__DATA EXCERPTS__:
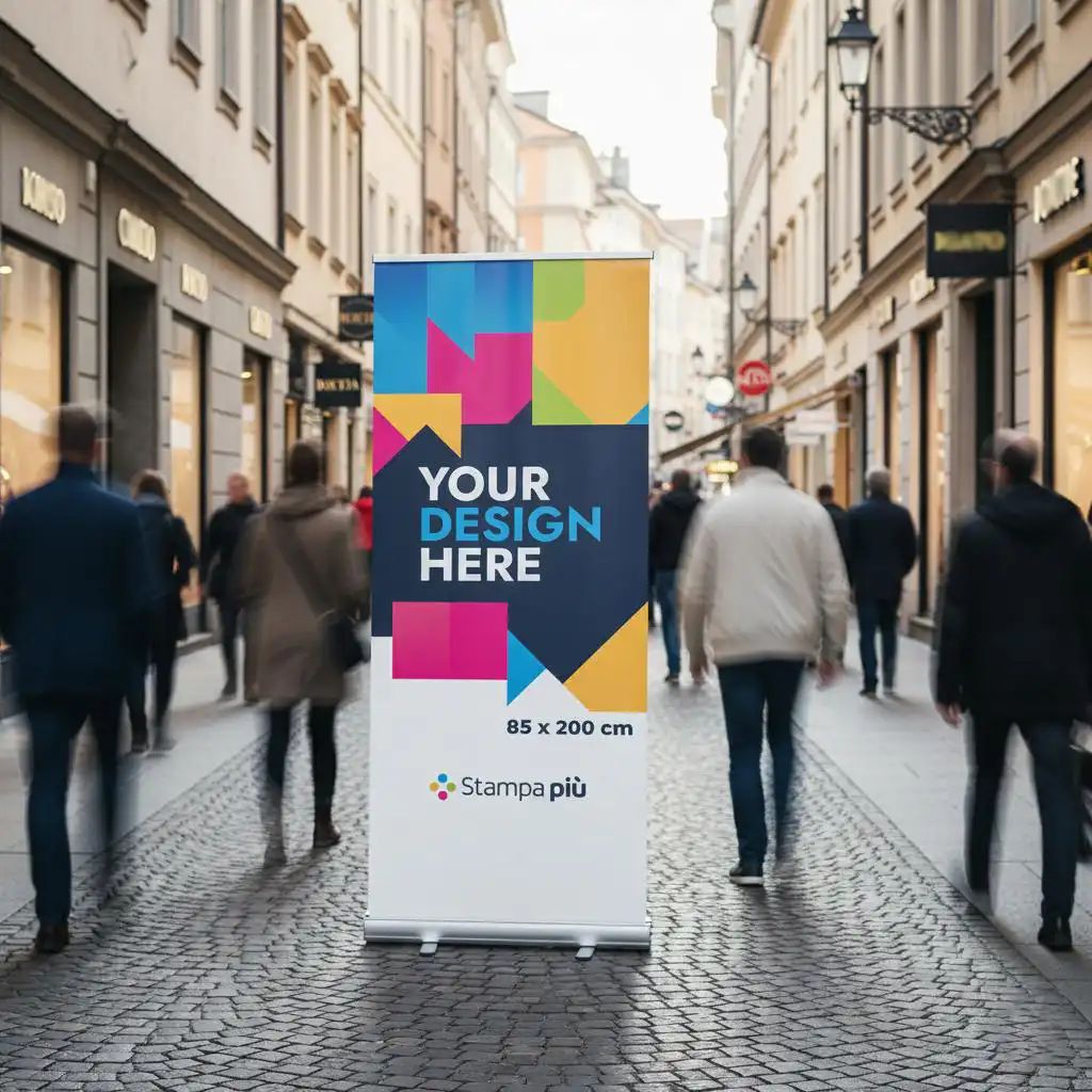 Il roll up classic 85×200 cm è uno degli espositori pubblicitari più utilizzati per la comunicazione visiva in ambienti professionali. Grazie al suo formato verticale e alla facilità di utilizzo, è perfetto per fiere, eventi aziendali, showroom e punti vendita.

--

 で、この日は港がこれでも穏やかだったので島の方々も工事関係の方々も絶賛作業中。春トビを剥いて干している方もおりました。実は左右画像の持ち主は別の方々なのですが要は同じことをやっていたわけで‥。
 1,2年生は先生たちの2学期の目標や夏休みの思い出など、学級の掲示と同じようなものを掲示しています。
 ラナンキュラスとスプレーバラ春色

--

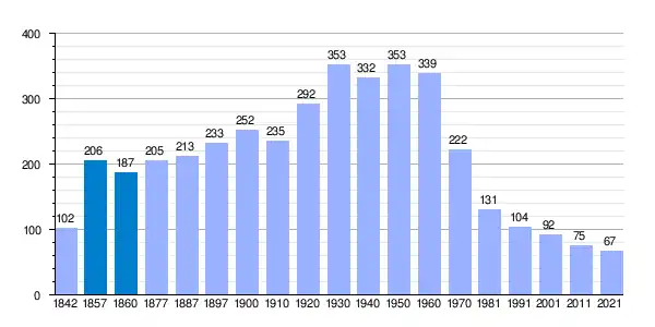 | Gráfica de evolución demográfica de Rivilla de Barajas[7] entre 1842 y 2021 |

__TASK TO COMPLETE__:
From the records above, retype only the lines starting at the line that contains "1,2年生は先生たちの2学期" and ending at the line that contains "ラナンキュラスとスプレーバラ春色", both included.

__WORKED SOLUTION__:
 1,2年生は先生たちの2学期の目標や夏休みの思い出など、学級の掲示と同じようなものを掲示しています。
 ラナンキュラスとスプレーバラ春色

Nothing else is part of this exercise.